Patient diagnoses and antibody titers are shown in Table 1, and the complete dataset is provided in Supplementary Table S1. On average, the highest antibody titer was observed at eight weeks after immunization (Fig. 2B). Patients were defined as good responders when the antibody titer either at 4 or 8 weeks after vaccination was higher than 500 iU. This corresponds to the median antibody levels at these two time points (538 iU) and also to the 1st quartile of the seroconversion response of healthy subjects as determined in a parallel study (supplementary Fig. S1). Good responders were identified among multiple myeloma (4 of 7, 57%) and AML/CLL patients, and a patient suffering from myeloproliferative neoplasia responded to vaccination. However, only 1 of 5 (20%) lymphoma patients showed significant antibody levels (p = 0.298, 95% confidence interval = 0.003–3.943; contingency table: lymphoma/myeloma vs. responder/non-responder, Fisher’s exact test) (Fig. 2A, Table 1, Table S1).

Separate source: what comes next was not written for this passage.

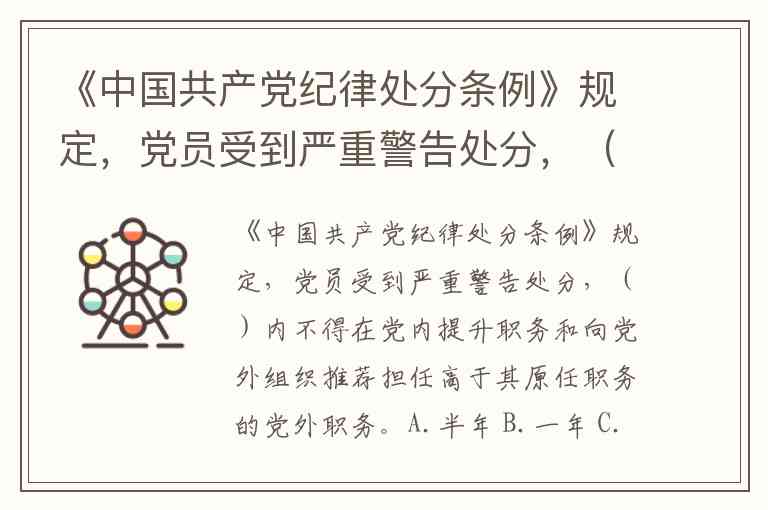 《中国共产党纪律处分条例》规定,党员受到严重警告处分,()内不得在党内提升职务和向党外组织推荐担任高于其原任职务的党外职务。A.半年 B.一年 C.一年半 D.二年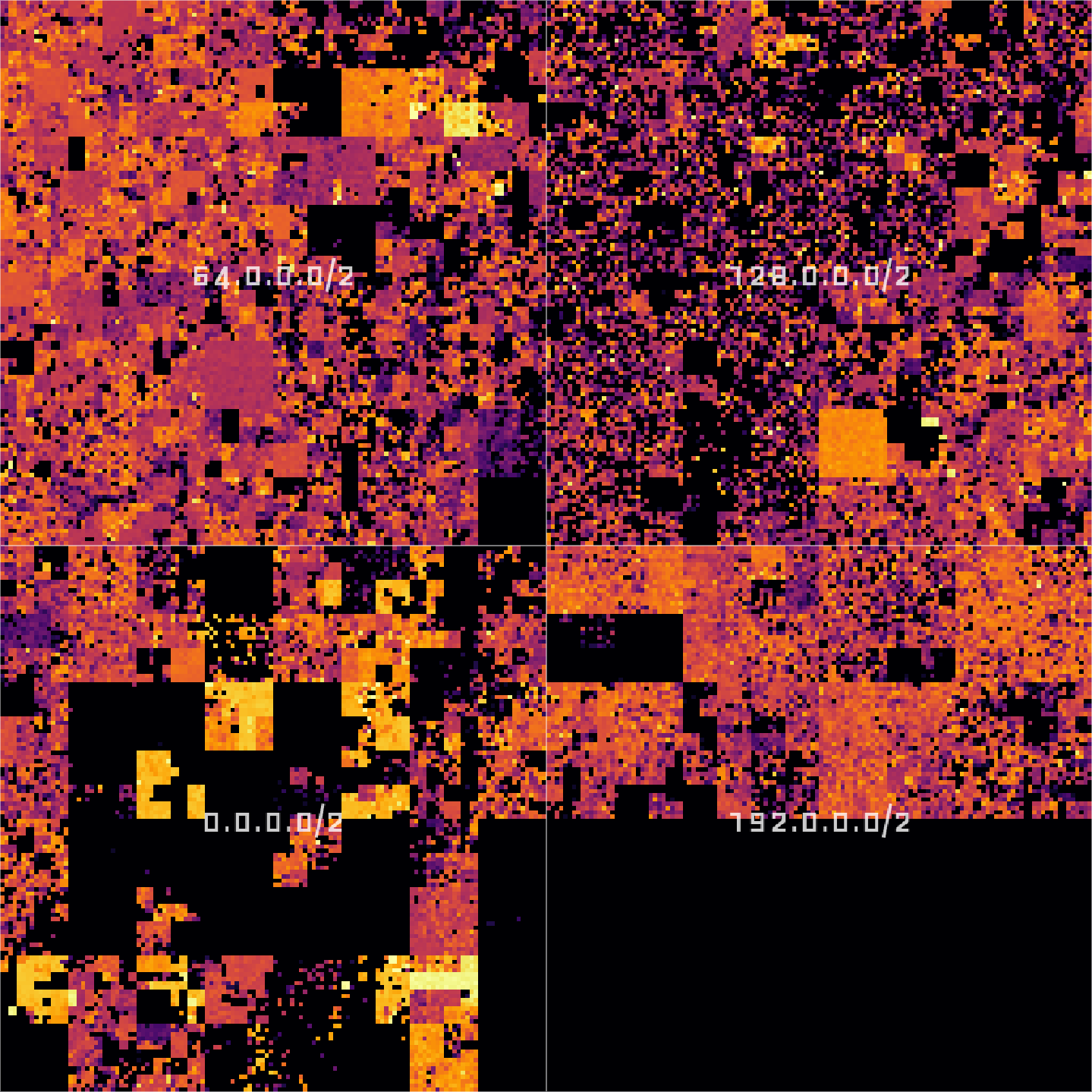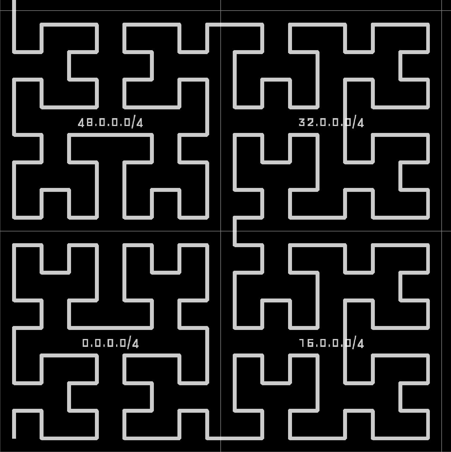 Zooming in further, in the lower right corner, we find that 0.0.0.0/2 actually consists of 0.0.0.0/4, 16.0.0.0/4, 32.0.0.0/4, and 48.0.0.0/4:

Figure 2: Seroconversion success in the vaccinated patients. (A): Representation of patients (15), showing diagnosis grouped in multiple myeloma (7), lymphoma (5), AML (1), CML (1), and myeloproliferative neoplasm (1). (B): Anti-SARS-CoV-2 Spike protein antibody titer in patients separated into good and weak responders. Average and standard deviation are shown. Antibody titers of the well-responding group were statistically significantly higher than in weak responders at time points after 4 weeks (ANOVA, p < 0.05). For detailed statistics, see also Supplementary Table S2

3.2 Impact of Treatment

Treatment regimens significantly correlated with vaccine response. Non-responders included lymphoma patients receiving anti-CD20 monoclonal antibodies (Rituximab or Obinutuzumab) combined with the CHOP chemotherapy protocol. Among myeloma patients, 2 receiving bortezomib failed to respond, while 4 others on similar regimens showed robust antibody production. Interestingly, 2 of 3 patients treated with the CD38-targeting antibody daratumumab responded well to vaccination.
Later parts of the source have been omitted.